Lawyer says accused Army private was locked up alone for at least 23 hours a day
By David Dishneau
Associated Press
FORT MEADE, Md. (AP) — An Army private accused of sending reams of classified U.S. documents to the secret-spilling website WikiLeaks was kept in tight pretrial confinement partly because another prisoner had recently committed suicide, the former security chief at the Quantico, Va., Marine Corps base testified Wednesday.
Marine Col. Robert Oltman appeared as a witness on the second day of a pretrial hearing for Pfc. Bradley Manning, who is seeking dismissal of all charges, claiming his confinement in the Quantico brig amounted to illegal punishment.
Oltman and others have testified that psychiatrists who examined Manning at Quantico repeatedly recommended that his conditions be eased. But Oltman, whose command included the brig, said he was skeptical about at least one of those recommendations because another detainee had killed himself in December 2009 after his custody status was reduced based upon the advice of the same doctor, Navy Capt. William Hocter, the psychiatrist assigned to the brig.
“He didn’t have the strongest credibility with me with regards to his recommendations,” Oltman said under questioning by civilian defense attorney David Coombs.
Oltman said repeatedly that he preferred to “err on the side of caution” on Manning’s confinement.
Manning was held at Quantico for nine months, from July 2010 to April 2011, when he was moved to Fort Leavenworth, Kansas. Throughout his time at Quantico, he was designated a “maximum custody” detainee and considered at risk of either suicide or harming himself or others. He was locked up alone for at least 23 hours a day, forced to sleep naked for several nights and required to stand naked at attention one morning, his lawyers assert.
At Fort Leavenworth, Manning was re-evaluated and given a medium-security classification.
Oltman said he told Hocter in January 2011 that Manning would remain on “prevention of injury” status unless senior officers decided otherwise.
Oltman acknowledged he told Hocter: “”Nothing’s going to change. He won’t be able to hurt himself. He’s not going to be able to get away, and our way of ensuring this is that he will remain on this status indefinitely.”
On cross-examination by prosecutor Maj. Ashden Fein, Oltman said that neither he nor any senior officers ever made decisions regarding Manning’s custody classification. Oltman said those decisions were made by the brig commander, a position that during Manning’s confinement was held by Chief Warrant Officer 4 James Averhart and then by Chief Warrant Officer 2 Denise Barnes.
Hocter testified later in the day that he considered Manning a suicide risk when the soldier first arrived at Quantico from Kuwait. Eight days later, seeing no suicidal tendencies, Hocter recommended an easing to “prevention-of-injury” status and the brig commander agreed. The change meant jailers would check on Manning every 15 minutes instead of every five. But for the next four months, nearly until Hocter deployed to Afghanistan, jailers rejected his weekly recommendations for further easing Manning’s restrictions, Hocter said.
“It was just clear to me they had made up their minds on a certain course of action and that my recommendations had no impact,” he said.
Hocter said the long period of solitary confinement hurt Manning’s physical and mental health, making him more irritable and anxious, and less cooperative.
One of the security measures was the removal of Manning’s underwear at night, starting March 2, 2011, after he told a guard that if he wanted to kill himself, he could hang himself with the waistband. Coombs suggested Manning was commenting on the absurdity of his situation.
Coombs produced an email in which Quantico’s chief legal officer at the time, Lt. Col. Christopher Greer, made light of the underwear episode with a Dr. Seuss parody: “I can wear them in a box. I can wear them with a fox. I can wear them in the day. I can wear them so I say. But I can’t wear them at night. My comments gave the staff a fright,” Coombs read.
Oltman acknowledged that he responded to the email with the signature, “Sam I am,” another Dr. Seuss reference.

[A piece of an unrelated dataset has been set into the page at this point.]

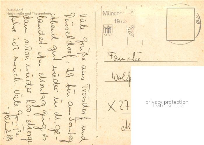 73618442 alte Postkarte Duesseldorf Hochstrasse und Thyssenhaus Hochhaus postalisch gelaufen Erhaltung siehe scans [FriedD77] KatCode: 11110005111000

“Was it funny to you that Pfc. Manning was being stripped at night?” Coombs asked.
“No, it was not, it was a very serious issue,” Oltman said.
At least a dozen supporters of the 24-year-old Army private attended the second day of what is expected to be a six-day hearing.
Manning faces possible life imprisonment if convicted of aiding the enemy, the most serious of the 22 charges that he faces.
He is accused of sending hundreds of thousands of classified Iraq and Afghanistan war logs and more than 250,000 diplomatic cables to WikiLeaks while he was working as an intelligence analyst in Baghdad in 2009 and 2010.
The materials Manning is suspected of leaking include sensitive reports on foreign governments and leaders and a 2007 video clip of a U.S. helicopter crew gunning down 11 men later found to have included a Reuters news photographer and his driver. The video garnered worldwide attention. The Pentagon concluded the troops acted appropriately during the attack, having mistaken the camera equipment for weapons.